I tried to think of at least ten innovative solutions to problems I had or decisions I had to make. And then ten more after that. The problem for indecisive people like myself is that the more options you think of, the harder it is to pick one.
Then I moved on to "perservate on your enemy", or, in human speak, thinking of things you dislike about your enemy and seeing if it might be a quality you either need or already have. I have very few enemies but I sincerely hope I do not have the qualities of the people I dislike. This exercise did not sit well with me, which I realize was precisely the point, but I kept moving along to the others.
Another interesting exercise was to "unify false dichotomies", or to think of things you believe you can't possibly do or be at the same time and see if there is a way to bring them together. This was one of those things where I know it is useful but I think the results need more than a week to manifest.
The odd thing is that the easiest one--to do one thing differently--was the one I did not attempt this week.
My favorite part of this week? When Beck said, "Uncomfortable truth #1: You are always responsible for creating your life, whether you like it or not."
I think this week taught me to be easy on myself and to let some of Beck's ideas simmer. I can't expect answers in seven days.
16 comments:
Thanks for your comment on letting her ideas simmer. That's exactly how i felt this week
Yes, I found I'll be needing more time to sit with all her ideas, too!
Ah another one who finds the enemies hard to manage. Me too.
Thanks for sharing.
I too had issues. And wish I could simmer.
Yes, I'm glad you put letting ideas simmer out there. I get impatient with myself and keep trying to effort things into being. Action with a measure of lightness in it seems to be in the recipe for me. I need to be more like the Fool I wrote about and not take things so seriously.
It seems a lot of us are finding that these ideas will need to simmer. So, let's keep the heat on under them. I'm sure the week of Risk will push us to do just that.

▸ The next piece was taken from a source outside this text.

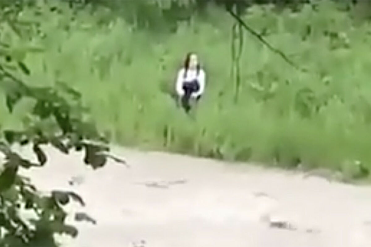 Na snimku se vidi i čuje kako mladići devojčici viču "Stoj, stani, sačekaj", dok ona stoji na obali nabujale reke.

Well said Lauren. A lot of this chapter did not sit well with me -- not because it was things I didn't want to look at -- I've already looked at these things, dealt with them and moved on. No need for me to repeat at this stage of my life.
I agree that when we choose something that does work from Martha's suggestions, one week is hardly enough time to work through it and notice any change.
This book is like a soup - adding little bits and then letting them simmer. Thanks for sharing.
Thanks for sharing your week of creativity, I like the idea of letting it simmer, I also think for myself some ingredient adjustment can be helpful.
I think it's beautiful that you have found clarity around slowing down, taking your time, and allowing yourself to sit with the chapters as needed.... honoring the need to simmer... ah, what a beautiful concept.
Definately. We should have an extra week to simmer.
Yeah, I think this chapter was too dense and emotional for us all to digest in a week. I love your comment that we won't have the answers in 7 days.
Thanking you for your post girl awesome thoughts!
Great post. Here's to simmering. Take care.
This is such an amazing and inspirational post, Lauren. Thank you so much for sharing.
i had the same thoughts of you for creativity but i guess there is more than one way to be creative. great post!